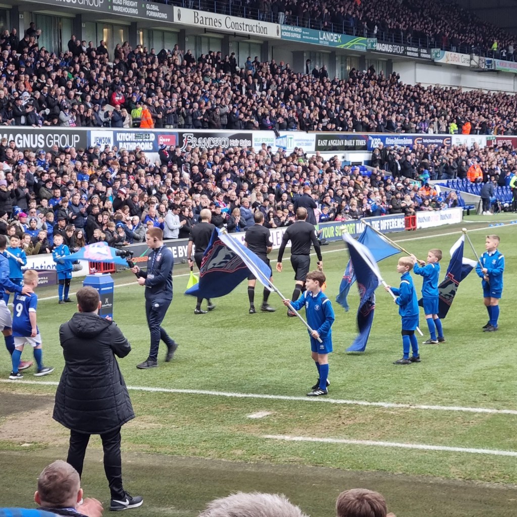 The queue at turnstile 62 moves quickly, although not as quickly as that at turnstile 61, but before I know it I’ve drained my bladder , waved to a woman I know but whose name I can’t remember and am hearing Pat from Clacton say “Here he is” as I shuffle to my seat next to Fiona, next but one to the man from Stowmarket (Paul), and two rows behind ever-present Phil who never misses a game. With the game on Sky TV tonight we are treated to erupting flames and momentarily warmed faces as the teams and their acolytes stream onto the pitch. I half expect to detect the smell of singed hair and melted polyester but fortunately never do. Murphy the stadium announcer reads out the teams and as ever almost gets half way through the team before he gets out of sync with the names appearing on the scoreboard. I shout the surnames out as they appear on the screen nevertheless, pretending to be French. If there was a lycee or Conservatoire for stadium announcers Murphy would be in the remedial class.
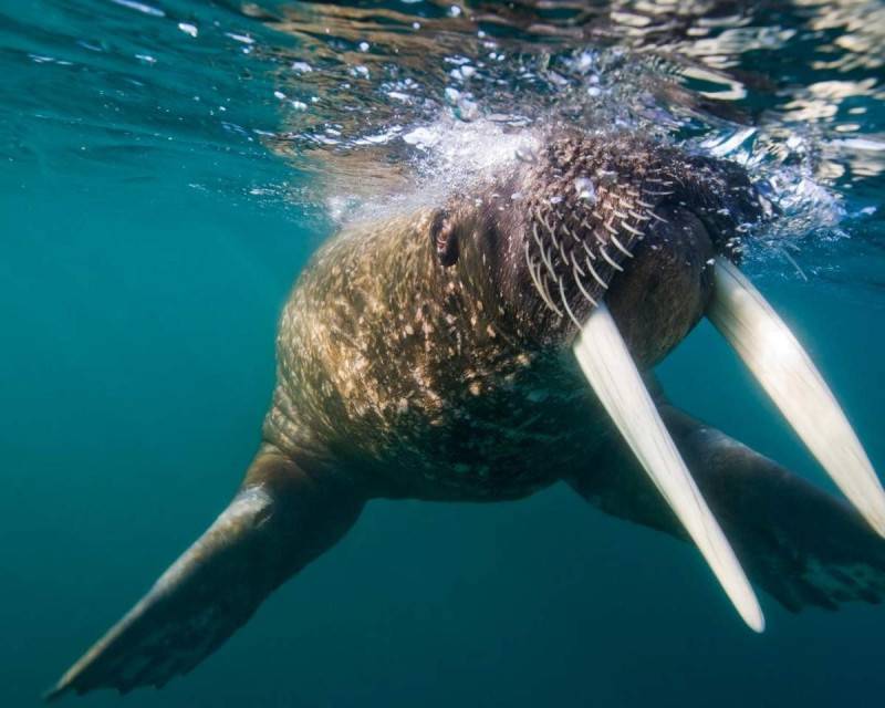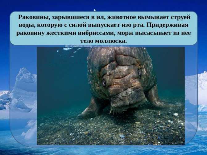 Основная пища моржей находится на морском дне – это пластинчатожаберные моллюски. Чувствительные вибриссы на морде животного помогают уловить их нахождение. Клыками, ластами, мордой зверь вспарывает илистое дно, разрыхляет грунт, поднимая тучи ракушек.
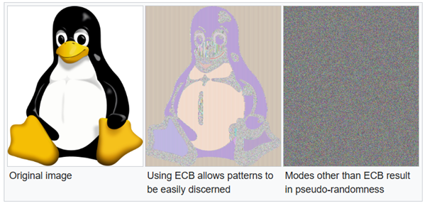 [1] Image source: https://en.wikipedia.org/wiki/Block_cipher_mode_of_operation#ECB
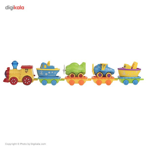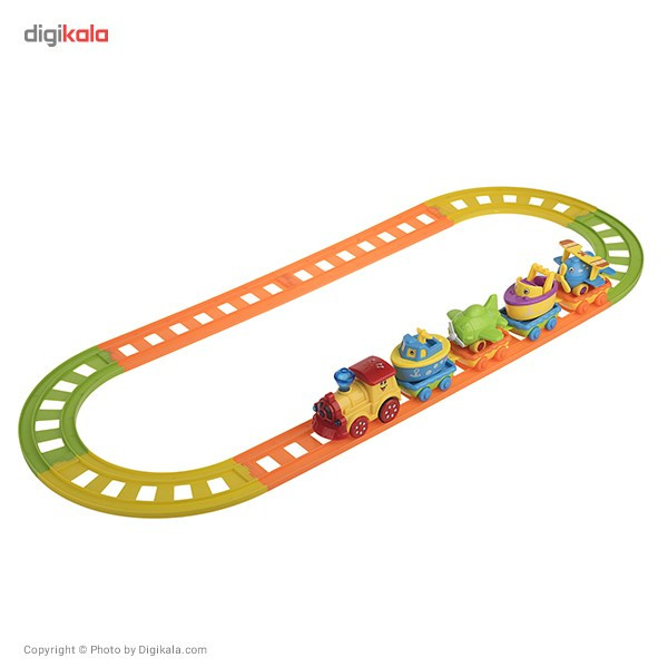 این قطار اسباببازی رنگی دارای ریلهای متنوع، منحنی و مستقیم است که بهصورت کشویی و بهراحتی به یکدیگر متصل میشوند. و میتوان آنها را به مدلهای مختلف قرارداد. مثلاً اگر 4 ریل پلاستیکی را به یکدیگر متصل کنید یک مسیر دایرهای شکل به قطر 41 سانتیمتر خواهید داشت. همینطور اگر 4 ریل مستقیم و 4 ریل منحنی را استفاده کنیم یک مسیر مربعی شکل به قطر 43 سانتیمتر داریم. اگر مسیر طولانیتری را میخواهید امتحان کنید میتوانید 4 ریل پلاستیکی سبزرنگ و 4 ریل نارنجیرنگ را به یکدیگر به شکل مستطیل وصل کرده و یک مسیر طولانی 94.5 سانتیمتری را بسازید. میتوان با استفاده از 4 ریل پلاستیکی نارنجیرنگ و 2 ریل سبزرنگ یک مسیر بیضی به طول 62 سانتیمتر ساخت. کودک در حین بازی با این اسباببازی رنگین، علاوه بر شناخت رنگهای مختلف، با شکلهای هندسی دایره، مربع و مستطیل و بیضی نیز آشنا شده و بهتدریج ماهیچههای دستش نیز قویترمی شود. از طرفی دیگر در حین بازی با وسایل حملونقل گوناگون هم آشنا میشود. واگنهای این قطار وسایل مختلفی همچون قایق، هواپیمای مسافربری و تکسرنشین و یک کشتی مسافربری است که بهراحتی به یکدیگر متصل میشوند.
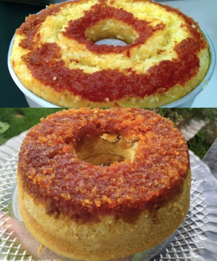 Coloque a massa na forma com a Calda de açúcar e o coco seco.
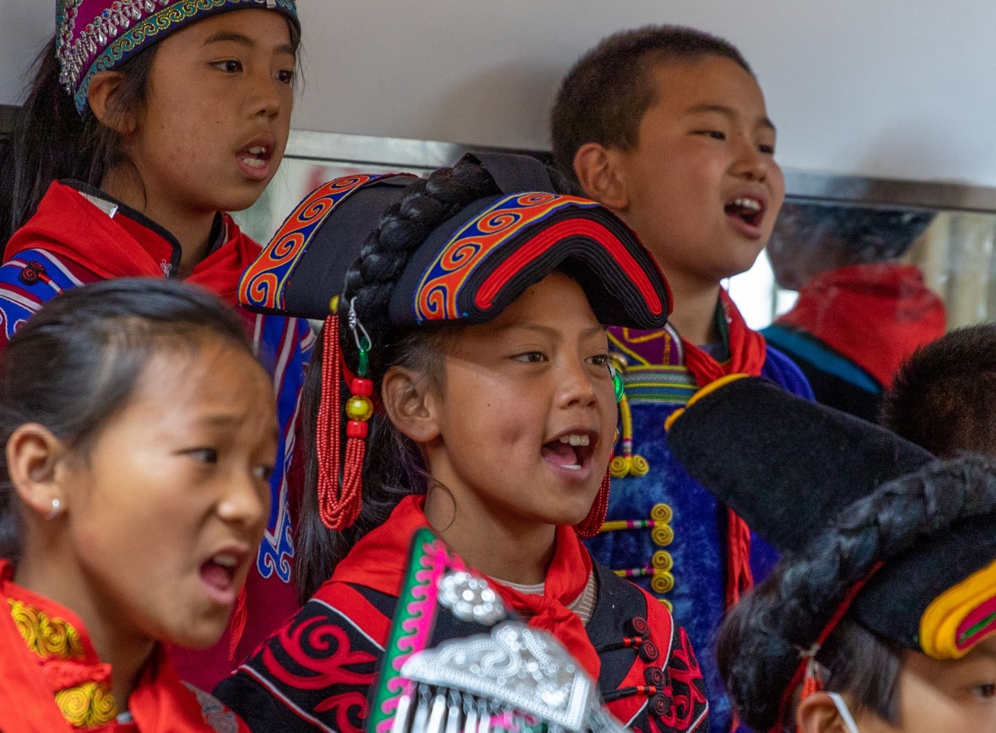 楊花校長是云寶舞蹈隊項目總負(fù)責(zé)人,云寶舞蹈隊可以說是在她的帶領(lǐng)下一路成長起來,她也有自己的藝術(shù)堅持:對于《彝紅》不斷進行創(chuàng)新、優(yōu)化,精益求精??梢钥隙ǖ氖牵麄儗τ谝妥逦幕膫鞒泻蛨猿钟肋h(yuǎn)不會變。離開操場,耳聞清亮的歌聲,循聲前行,原來是象寶合唱團正在訓(xùn)練中?;顒咏淌依?,隊員們跟著指導(dǎo)教師期沙高忠老師的指揮,用心練習(xí)彝族歌曲《索瑪花開》和《天空之城》,孩子們唱得既投入又享受。
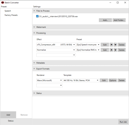 Add the files you want to process in the Files to Process section on top of the settings. All data windows that were open in the Sound Forge Pro workspace when you started the Batch Converter are automatically included in the list. You can un-check specific files to exclude them from processing.

■ ■ ■ ■

What lines above run from the one with "Coloque a massa" to the one with "楊花校長是云寶舞蹈隊項目總負"? Give them again exactly, ends included, and leave the pictures out.

 Coloque a massa na forma com a Calda de açúcar e o coco seco.
 楊花校長是云寶舞蹈隊項目總負(fù)責(zé)人,云寶舞蹈隊可以說是在她的帶領(lǐng)下一路成長起來,她也有自己的藝術(shù)堅持:對于《彝紅》不斷進行創(chuàng)新、優(yōu)化,精益求精??梢钥隙ǖ氖牵麄儗τ谝妥逦幕膫鞒泻蛨猿钟肋h(yuǎn)不會變。離開操場,耳聞清亮的歌聲,循聲前行,原來是象寶合唱團正在訓(xùn)練中?;顒咏淌依?,隊員們跟著指導(dǎo)教師期沙高忠老師的指揮,用心練習(xí)彝族歌曲《索瑪花開》和《天空之城》,孩子們唱得既投入又享受。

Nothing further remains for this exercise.